Global brokerages raise target price on few oil & gas stocks; expect strong performance ahead
Citi has also increased its target price on Gujarat Gas, Indraprastha Gas, and Mahanagar Gas.
Morgan Staley believes that India's gas stocks offer some of the best growth opportunities as the country's gas pipeline network has doubled, which will help gas producers and city gas players in volume growth. Expecting healthy growth, the brokerage has raised the target price on ONGC, GAIL, and Oil India and picked GAIL, OIL, and ONGC along with Gujarat Gas as top choices.
Stocks | Rating | New Target | Old Target |
ONGC | Overweight | Rs 254 | Rs 216 |
GAIL | Overweight | Rs 195 | Rs 151 |
Petronet LNG | Equalweight | Rs 219 | Rs 235 |
Oil India | Overweight | Rs 487 | Rs 329 |
GSPL | Underweight | Rs 262 | Rs 265 |
Gujarat Gas | Overweight | Rs 579 | Rs 505 |
Indraprastha Gas | Equalweight | Rs 413 | Rs 432 |
Meanwhile, Jefferies sees a range-bound profitability for the oil-to-chemicals (O2C) segment of Reliance Industries (RIL) in FY25 and forecasts 13 per cent consolidated growth in earnings before tax, interest, depreciation, and amortisation (EBITDA), driven by a hike in Jio tariff. The brokerage has downgraded GAIL due to its rich valuation and instead prefers MGL.

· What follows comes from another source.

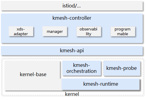 kmesh-controller: kmesh管理程序,负责Kmesh生命周期管理、XDS协议对接、观测运维等功能

The brokerage has raised its targets on Gujarat Gas, Petronet LNG, Indraprastha Gas, Mahanagar Gas, HPCL, IOCL, and BPCL
Stocks | Rating | New Target | Old Target |
Petronet LNG | Underperform | Rs 195 | Rs 180 |
Gujarat Gas | Underperform | Rs 385 | Rs 370 |
Indraprastha Gas | Hold | Rs 430 | Rs 420 |
Mahanagar Gas | Buy | Rs 1,450 | Rs 1,350 |
HPCL | Underperform | Rs 330 | Rs 225 |
BPCL | Underperform | Rs 405 | Rs 300 |
IOCL | Hold | Rs 130 | Rs 90 |
Citi has also increased its target price on Gujarat Gas, Indraprastha Gas, and Mahanagar Gas.
Stocks | New Rating | New Target | Old Target |
Gujarat Gas | Sell | Rs 425 | Rs 390 |
Indraprastha Gas | Buy | Rs 510 | Rs 470 |
Mahanagar Gas | Buy | Rs 1,390 | Rs 1,250 |
How are oil and gas companies expected to fare in Q3?
According to domestic brokerage Anand Rathi, after a record H1FY24, third quarter trends suggest another relatively convincing performance by oil marketing companies (OMCs), despite being hit by inventory losses and lower gross refining margins (GRMs).
Further, strong non-OPEC supply of 1.6 million b/d for CY24 is likely to be ahead of demand of 0.9 million, thereby keeping oil prices subdued and supporting strong performances by OMCs.
The brokerage has raised its FY25 and FY26 estimates on the back of geopolitical tension, and the subsequent ban on European Union (EU) imports of Russian crude has led to supplies being diverted to China and India.
"We expect the continued availability of discounted Russian crude to support GRMs and increase our FY25e/FY26e refining assumptions by $1.3-2.7/bbl and earnings by 6-145 per cent," the report read.